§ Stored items

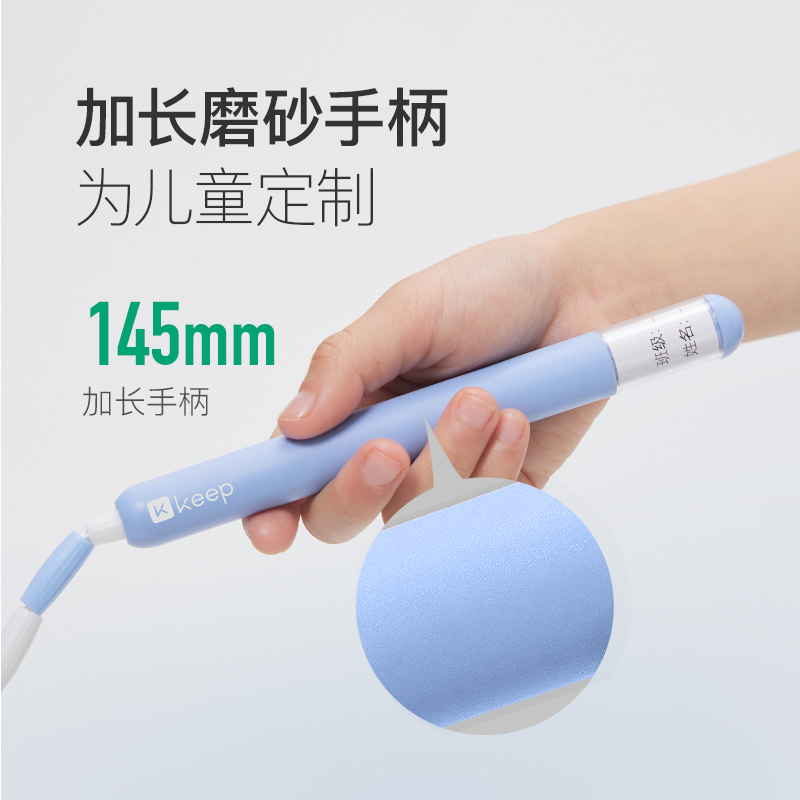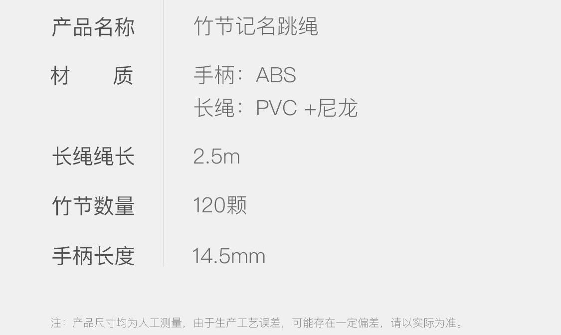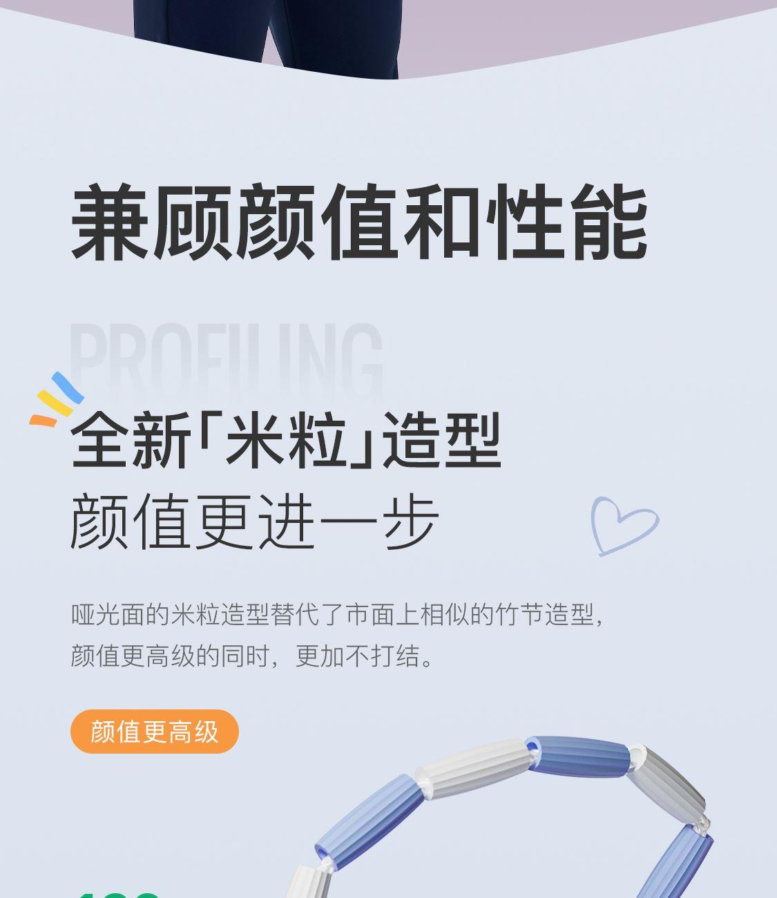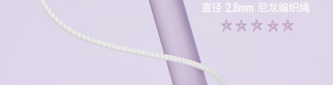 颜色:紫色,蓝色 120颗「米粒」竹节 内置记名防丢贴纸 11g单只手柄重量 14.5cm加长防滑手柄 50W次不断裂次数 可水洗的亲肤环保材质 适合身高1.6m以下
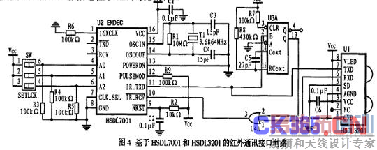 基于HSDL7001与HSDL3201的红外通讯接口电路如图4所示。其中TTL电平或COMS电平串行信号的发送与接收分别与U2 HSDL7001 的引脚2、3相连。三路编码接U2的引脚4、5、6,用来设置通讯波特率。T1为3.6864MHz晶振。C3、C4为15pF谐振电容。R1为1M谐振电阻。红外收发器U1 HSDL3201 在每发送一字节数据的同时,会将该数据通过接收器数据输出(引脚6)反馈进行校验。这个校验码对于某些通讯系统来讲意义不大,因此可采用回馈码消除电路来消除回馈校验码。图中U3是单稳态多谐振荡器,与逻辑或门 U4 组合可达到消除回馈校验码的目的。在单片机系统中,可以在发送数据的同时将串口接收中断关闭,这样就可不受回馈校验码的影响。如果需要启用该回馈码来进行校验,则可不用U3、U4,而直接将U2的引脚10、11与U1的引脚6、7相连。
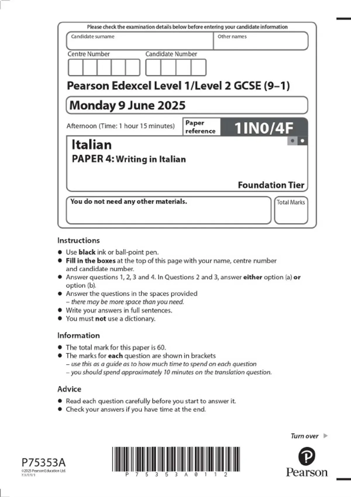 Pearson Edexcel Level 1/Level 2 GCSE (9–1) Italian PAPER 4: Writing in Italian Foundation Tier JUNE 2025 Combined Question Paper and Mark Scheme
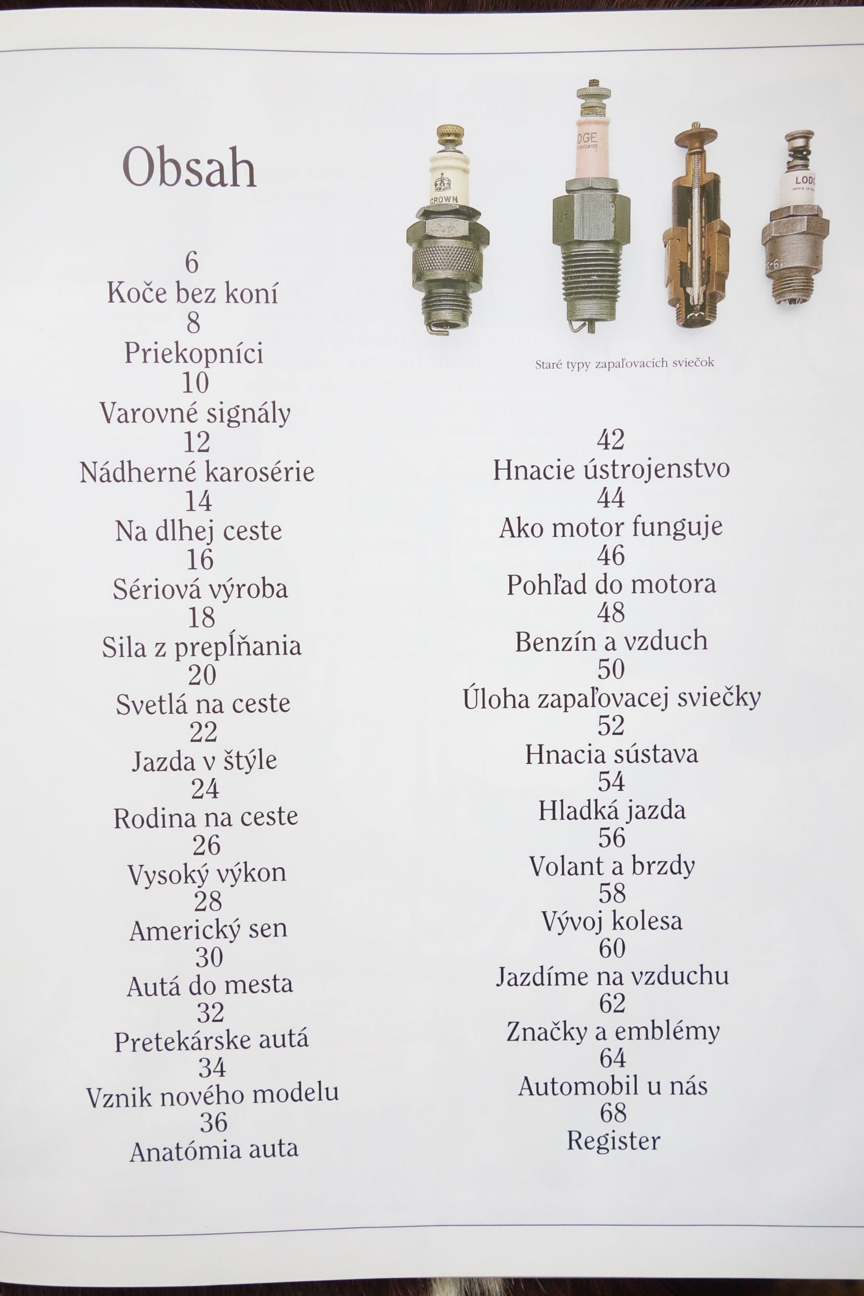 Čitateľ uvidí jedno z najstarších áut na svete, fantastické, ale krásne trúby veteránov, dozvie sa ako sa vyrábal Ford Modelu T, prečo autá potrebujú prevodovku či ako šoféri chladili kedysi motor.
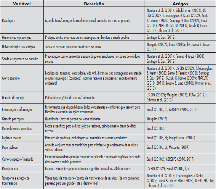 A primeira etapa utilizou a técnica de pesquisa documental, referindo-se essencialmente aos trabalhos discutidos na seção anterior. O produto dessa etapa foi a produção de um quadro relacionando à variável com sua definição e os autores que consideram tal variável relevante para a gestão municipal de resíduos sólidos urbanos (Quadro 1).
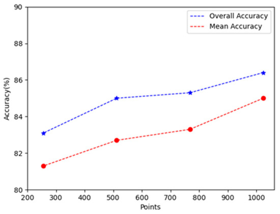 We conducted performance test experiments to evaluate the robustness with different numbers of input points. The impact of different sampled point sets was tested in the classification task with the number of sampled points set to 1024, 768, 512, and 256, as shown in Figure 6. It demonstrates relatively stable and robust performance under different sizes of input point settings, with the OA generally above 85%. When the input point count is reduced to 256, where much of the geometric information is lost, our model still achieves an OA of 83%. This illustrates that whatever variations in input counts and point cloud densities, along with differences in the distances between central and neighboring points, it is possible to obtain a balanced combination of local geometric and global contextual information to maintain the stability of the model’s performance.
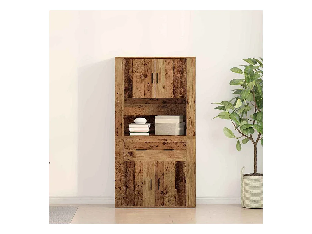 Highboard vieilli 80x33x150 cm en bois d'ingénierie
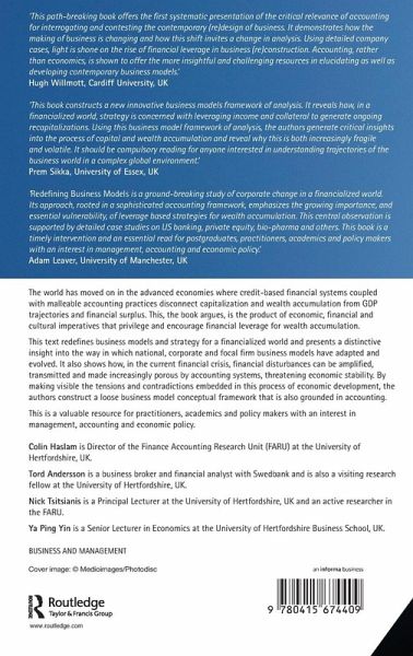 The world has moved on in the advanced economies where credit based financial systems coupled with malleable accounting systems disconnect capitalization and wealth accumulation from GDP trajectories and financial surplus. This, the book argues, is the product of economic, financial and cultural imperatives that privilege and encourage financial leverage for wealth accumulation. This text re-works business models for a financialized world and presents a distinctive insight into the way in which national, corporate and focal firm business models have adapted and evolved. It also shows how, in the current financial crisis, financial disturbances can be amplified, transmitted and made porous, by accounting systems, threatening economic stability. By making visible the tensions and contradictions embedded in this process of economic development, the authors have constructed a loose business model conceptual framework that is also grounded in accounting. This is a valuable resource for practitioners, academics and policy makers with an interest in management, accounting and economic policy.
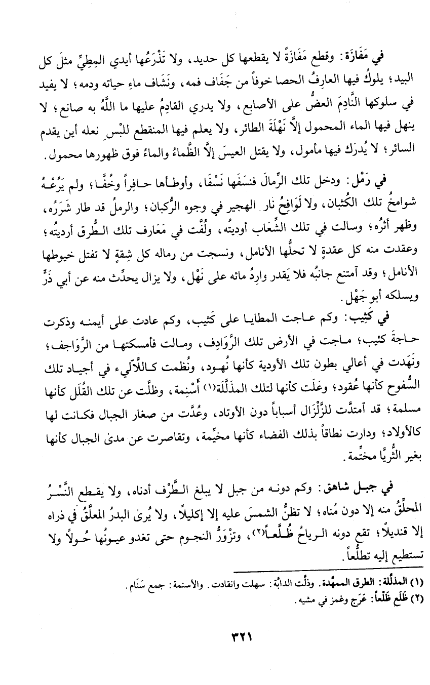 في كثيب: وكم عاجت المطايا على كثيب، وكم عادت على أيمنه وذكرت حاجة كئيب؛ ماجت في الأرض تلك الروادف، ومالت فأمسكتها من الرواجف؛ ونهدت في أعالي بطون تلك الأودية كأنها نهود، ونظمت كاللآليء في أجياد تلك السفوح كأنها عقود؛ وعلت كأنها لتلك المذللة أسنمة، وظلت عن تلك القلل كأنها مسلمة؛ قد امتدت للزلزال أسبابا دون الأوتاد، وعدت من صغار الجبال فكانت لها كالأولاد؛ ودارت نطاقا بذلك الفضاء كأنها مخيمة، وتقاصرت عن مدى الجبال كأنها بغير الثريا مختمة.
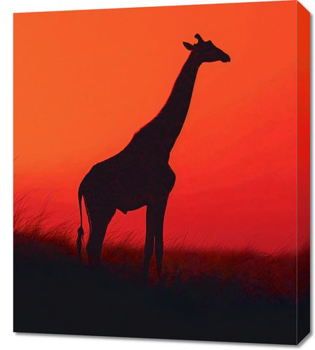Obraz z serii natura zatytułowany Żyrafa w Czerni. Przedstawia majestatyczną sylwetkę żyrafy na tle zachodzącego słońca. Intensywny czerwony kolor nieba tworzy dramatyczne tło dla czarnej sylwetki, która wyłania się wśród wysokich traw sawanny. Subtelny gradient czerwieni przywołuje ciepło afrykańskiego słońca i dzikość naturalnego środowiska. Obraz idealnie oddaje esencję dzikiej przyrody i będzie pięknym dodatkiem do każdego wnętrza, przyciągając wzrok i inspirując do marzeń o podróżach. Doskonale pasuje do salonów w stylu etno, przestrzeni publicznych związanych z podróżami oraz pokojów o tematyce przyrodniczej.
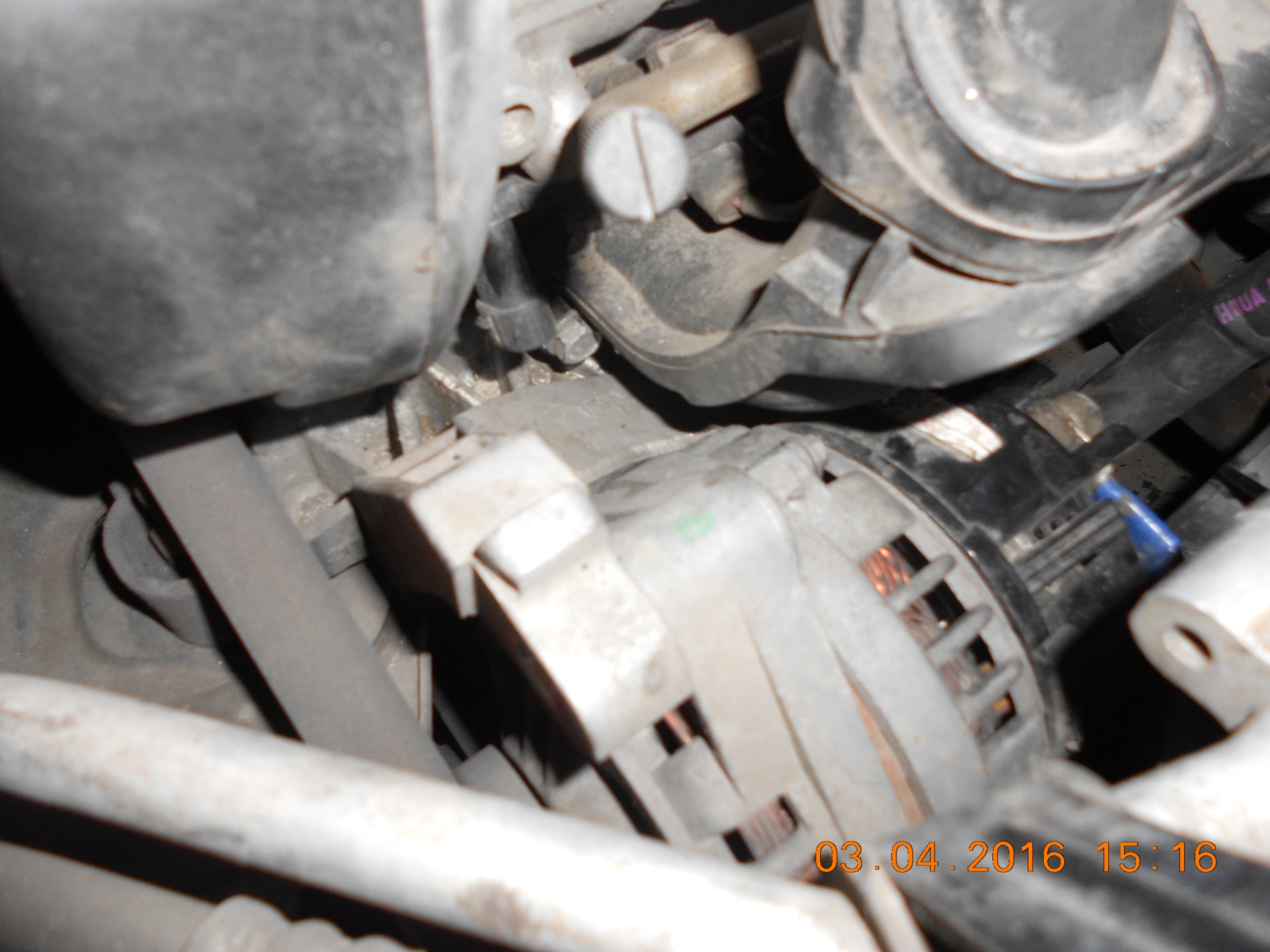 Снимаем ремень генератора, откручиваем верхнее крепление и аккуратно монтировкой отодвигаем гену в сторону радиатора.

§ Required action
Pictures aside, print exactly the lines above starting with the one containing "Pearson Edexcel Level" and going on through the one containing "A primeira etapa".

§ Written response
 Pearson Edexcel Level 1/Level 2 GCSE (9–1) Italian PAPER 4: Writing in Italian Foundation Tier JUNE 2025 Combined Question Paper and Mark Scheme
 Čitateľ uvidí jedno z najstarších áut na svete, fantastické, ale krásne trúby veteránov, dozvie sa ako sa vyrábal Ford Modelu T, prečo autá potrebujú prevodovku či ako šoféri chladili kedysi motor.
 A primeira etapa utilizou a técnica de pesquisa documental, referindo-se essencialmente aos trabalhos discutidos na seção anterior. O produto dessa etapa foi a produção de um quadro relacionando à variável com sua definição e os autores que consideram tal variável relevante para a gestão municipal de resíduos sólidos urbanos (Quadro 1).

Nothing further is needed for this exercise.